ALEXANDRIA, Va. - It's been used by people for thousands of years for recreation and commerce, but not lately. The massive construction of the Woodrow Wilson Bridge has made access to Jones Point in Alexandria a bit difficult.
Work is now under way on restoring the 65-acre national park on Jones Point, which had been a popular place in the community for decades.
Jonathan Jacobson, executive project manager for the Woodrow Wilson Bridge Project, says the $12 million restoration is the last of the 22 contracts associated with the bridge construction.
"We are keeping access to parts of the park during construction for the neighborhood," says Jacobson.
That work will include stabilization of the old Virginia shipbuilding company finishing pier that was falling into the river and an upgrade to a lighthouse that dates back to 1841.

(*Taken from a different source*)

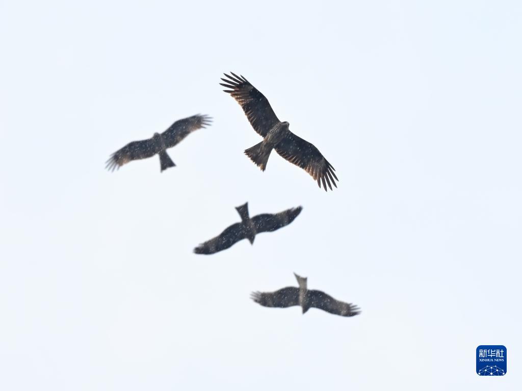 12月2日,幾隻黑鳶在福建省三明市泰寧縣大金湖上空飛翔。
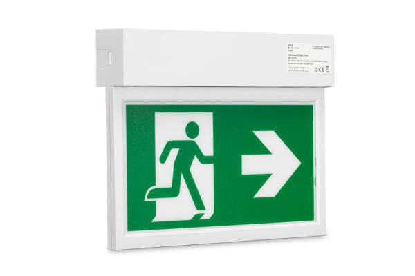 Moderne, unauffällige und ästhetische Rettungszeichenleuchte Unlimited, im Polycarbonatgehäuse in Verkehrsweiß, RAL 9016. Dank Universalmontage, ohne weiteres Zubehör, an Wand oder Decke montierbar. Sie bestimmen (auch noch vor Ort), wo die Leuchte befestigt wird. Ohne Werkzeug einrastbares Leuchtenmodul, vollständig mit allen elektrischen Betriebs- und Leuchtmitteln, zur schnellen und einfachen Installation.

"The Mount Vernon Trail goes through the park eventually, but right now we have to detour it onto city streets," says Jacobson.
The park will also get new ball fields and playgrounds, and more parking and restrooms. Some wetlands will also be restored. The work is supposed to be completed by the end of 2012.
The site has been used continuously for residences, business, and maritime operations. During both the American Revolution and the Civil War, Jones Point included a small fort to protect Alexandria from attack. Archeological evidence recovered in the park indicates activity by humans there as far back as 7900 B.C.